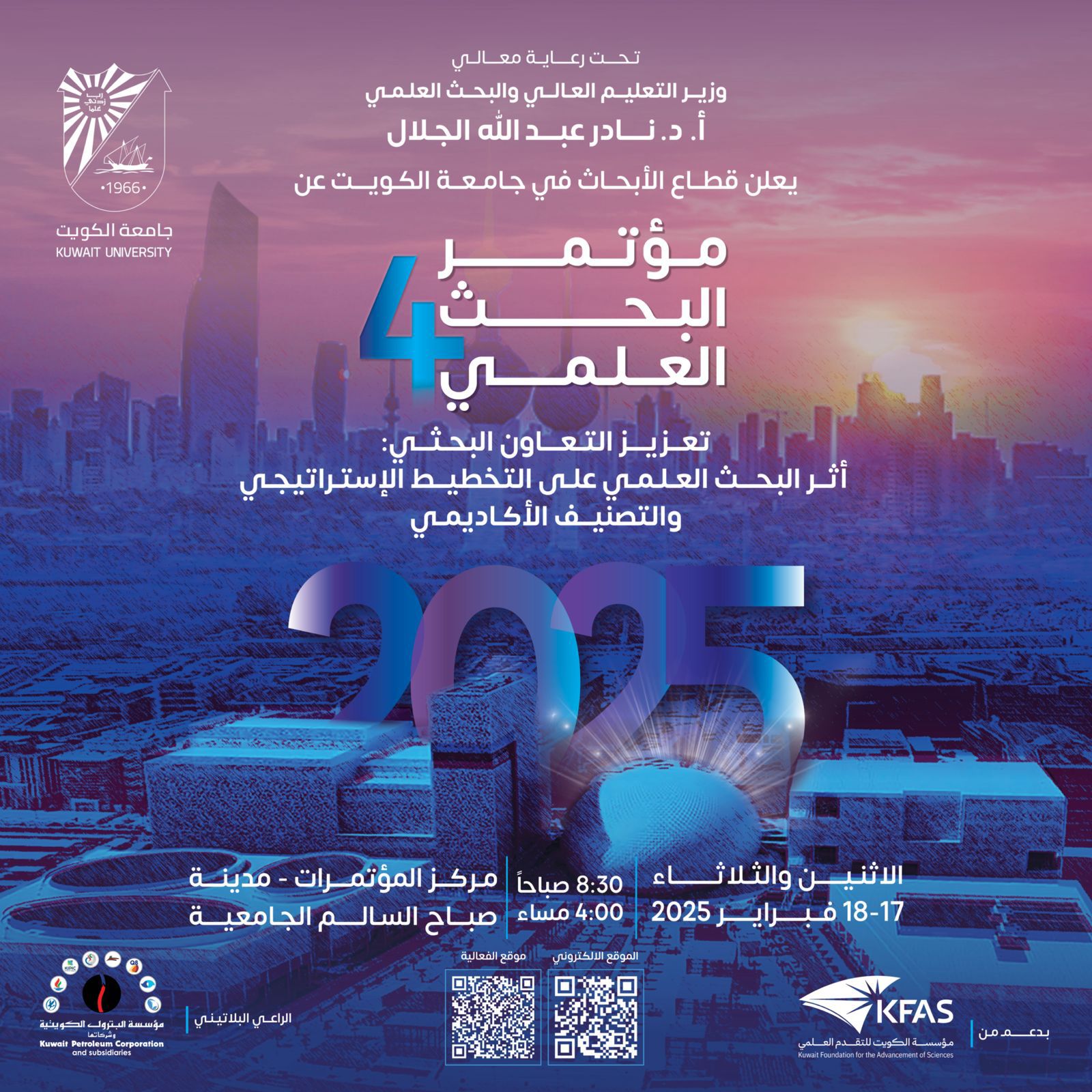 Kuwait University’s efforts in enhancing institutional capacity building make it a role model in developing advanced scientific analysis facilities. For more information about public facilities projects and research units, visit the Fourth Scientific Research Conference entitled “Research Collaboration: The Impact of Scientific Research on Strategic Planning and Academic Classification”, held under the patronage of the Minister of Education and Scientific Research, Prof. Nader Al-Jalal, on Monday and Tuesday, February 17-18, 2025, at the Conference Center - Sabah Al-Salem University City.
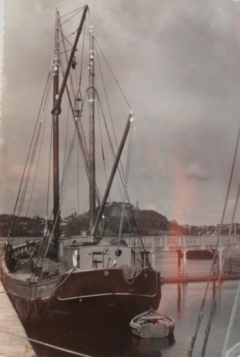 Vue d'une grande gabarre avec son mât de charge dans le bassin de Paimpol, près du déversoir, 2ème quart 20ème siècle (carte postale, collection particulière)Immatriculation
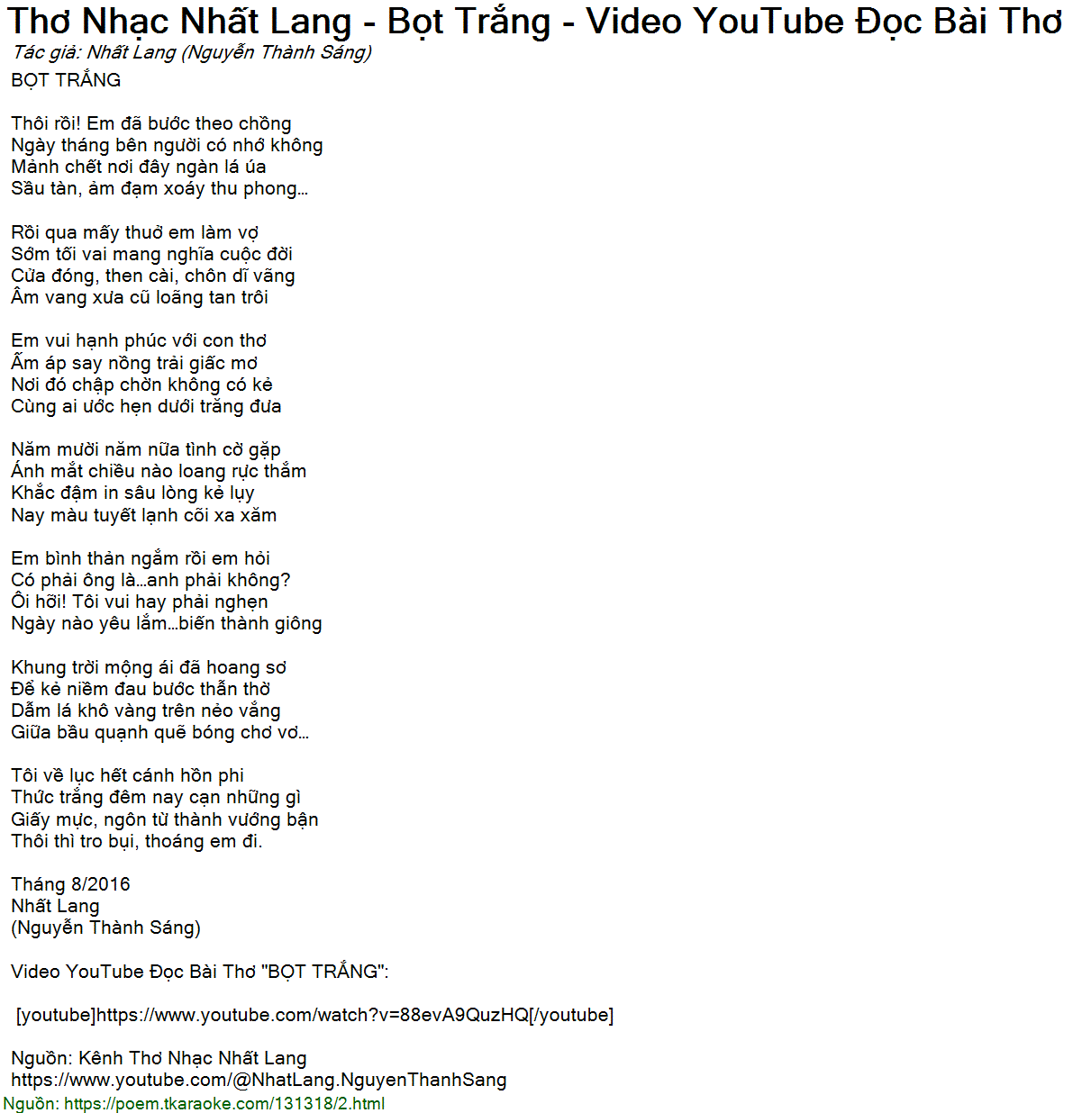 Video YouTube Đọc Bài Thơ "BỌT TRẮNG":
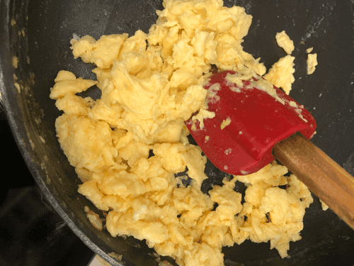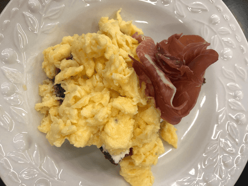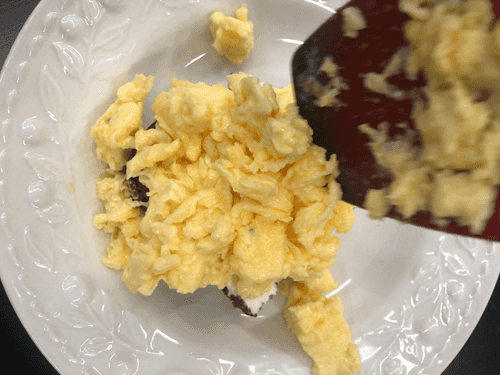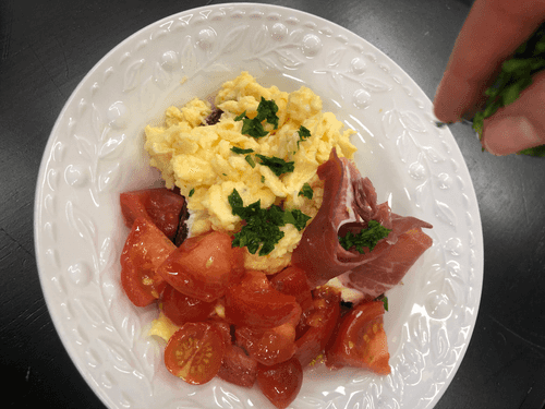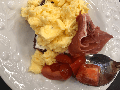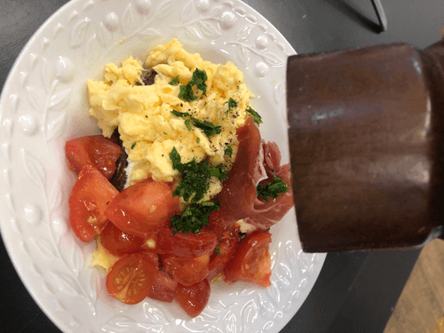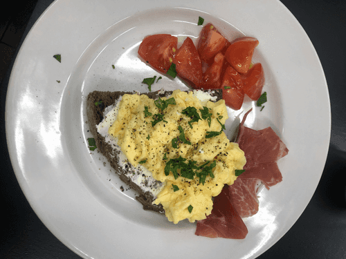 Scrambled eggs with toast and ham is a refined blend of Italian gastronomy and morning tenderness. The airy egg mixture, cooked in a blend of butter and sunflower oil, acquires a rich, intense flavor. Rye toast with cream cheese adds textural harmony, while the ham brings a subtle salty note. Fresh pink tomatoes refresh the dish's palette, and parsley completes the picture with Mediterranean aromas. Black pepper delicately highlights all the flavor nuances. This breakfast is not only nutritious but also aesthetically pleasing, creating an atmosphere of morning enjoyment.
+ + + + + + +
Print the listing again exactly, please. Keep the pictures out of it.

 Kuwait University’s efforts in enhancing institutional capacity building make it a role model in developing advanced scientific analysis facilities. For more information about public facilities projects and research units, visit the Fourth Scientific Research Conference entitled “Research Collaboration: The Impact of Scientific Research on Strategic Planning and Academic Classification”, held under the patronage of the Minister of Education and Scientific Research, Prof. Nader Al-Jalal, on Monday and Tuesday, February 17-18, 2025, at the Conference Center - Sabah Al-Salem University City.
 Vue d'une grande gabarre avec son mât de charge dans le bassin de Paimpol, près du déversoir, 2ème quart 20ème siècle (carte postale, collection particulière)Immatriculation
 Video YouTube Đọc Bài Thơ "BỌT TRẮNG":
 Scrambled eggs with toast and ham is a refined blend of Italian gastronomy and morning tenderness. The airy egg mixture, cooked in a blend of butter and sunflower oil, acquires a rich, intense flavor. Rye toast with cream cheese adds textural harmony, while the ham brings a subtle salty note. Fresh pink tomatoes refresh the dish's palette, and parsley completes the picture with Mediterranean aromas. Black pepper delicately highlights all the flavor nuances. This breakfast is not only nutritious but also aesthetically pleasing, creating an atmosphere of morning enjoyment.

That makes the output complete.